Pitt County college enrollment on the rise (Reporter: Amanda Brannon)

GREENVILLE, PITT COUNTY - Pitt county colleges are seeing record enrollment numbers this year.

East Carolina University is seeing its second largest freshman class ever. Pitt Community College is also making history with record breaking enrollment numbers.

"PCC is a great school. It's hands on," Pitt Community College freshman David Tarrant said.

That's just one of the many reasons students are choosing to attend Pitt Community College.

With 9,100 students, it's the largest enrollment the college has ever seen.

"We are teaching at every available space. We also look for some creative options to bring more online courses, more hybrid courses just trying to make sure that anyone who wants to attend Pitt is able to sign up for the classes that they need," PCC enrollment director, Joanne Ceres said.

However, Ceres said the college could use more space.

"We are the most crowded community college of all 58 North Carolina community colleges," Ceres said.

In November, residents in Pitt County will vote on a $19.9 million dollar bond referendum. The referendum seeks to help the college grow.

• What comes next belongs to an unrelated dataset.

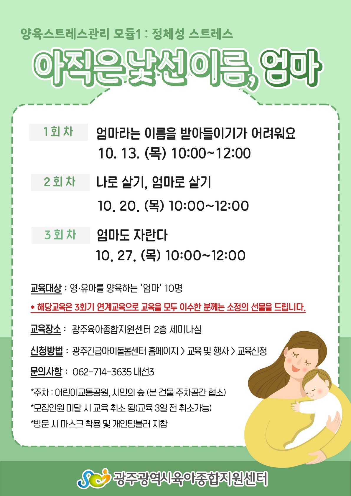 home 맘편한 내★일, 광주아이키움2.0 결혼·임신·출생 영유아 초·중·고 다양한 가족 일생활균형 커뮤니티 아동돌봄지원 소통방 나눔방 광주 아이키움 상담방 돌봄정보방 성폭력 피해 상담 및 사건지원 공지사항 우리동네 돌봄정보 기관별 공지사항 [광주육아종합지원센터] 10월 양육스트레스관리 : 아직은 낯선이름 엄마 등록일 : 2022-09-22 17:13 작성자 : 광주육아종합지원센터 조회수 : 185 목록
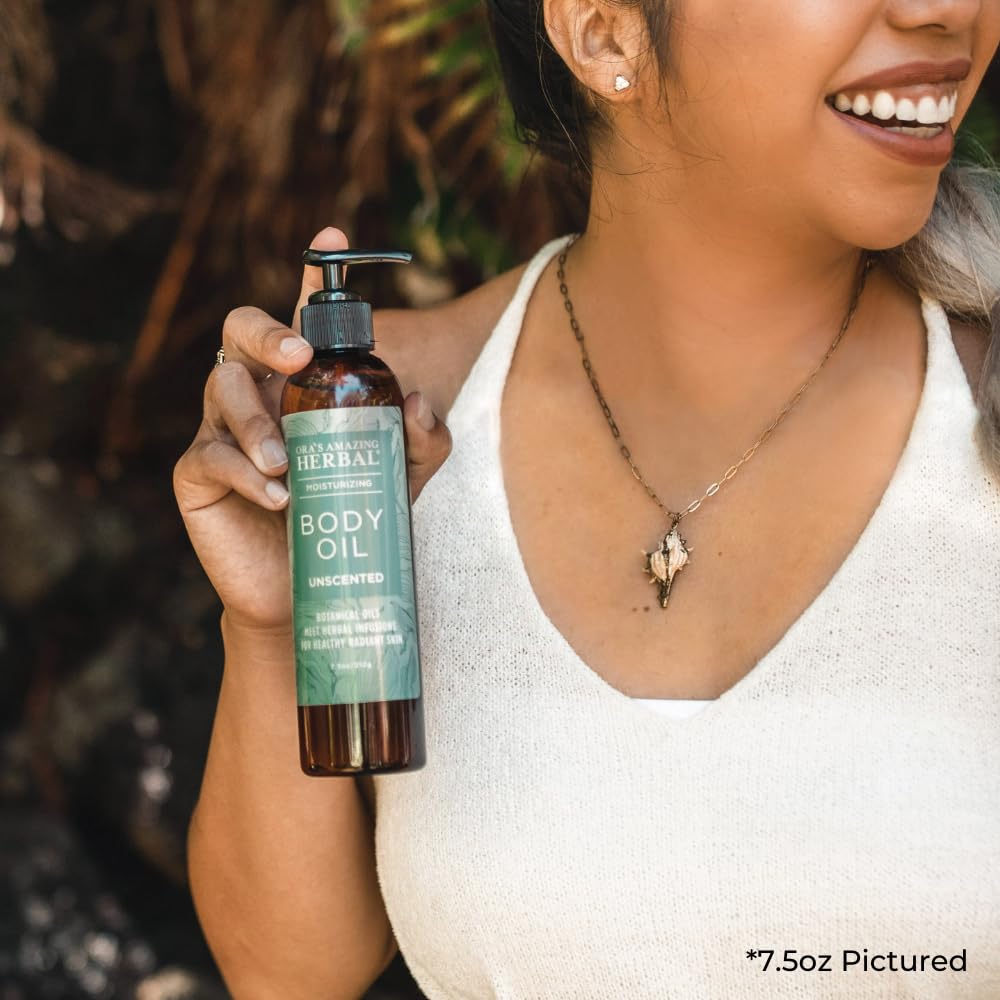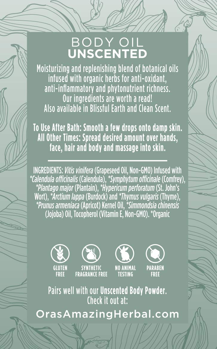 - Unscented Body Oil smells Amazingly simple and clean while supporting optimal skin health. We love this product because it is moisturizing, nourishing and contains botanicals known to be healing skin oils and herbs.

"The bond referendum will allow us to build that science classroom," she said.

PCC will also be able to relocate its basic law enforcement training center.

"A new science department would be great and they do need a new police department," PCC sophomore Cortney Bennett said.

John Fletcher, associate provost for enrollment services at ECU, said the university is also seeing a surge in freshman enrollment.

"4,495 new students joined us here on campus this fall," Fletcher said.

Both colleges have a good working relationship, allowing students to start at PCC and finish their education at ECU.

"Anything that helps them may end up helping us indirectly," Fletcher said.

"I'm getting a lot from [PCC] with my first few weeks … [I] always wanted to go back to school but now that I'm here I'm glad I made the right decision," Tarrant said.

The bond referendum will come in the form of a property tax. Officials said for a house worth $100,000, a resident will pay $18.50 per year.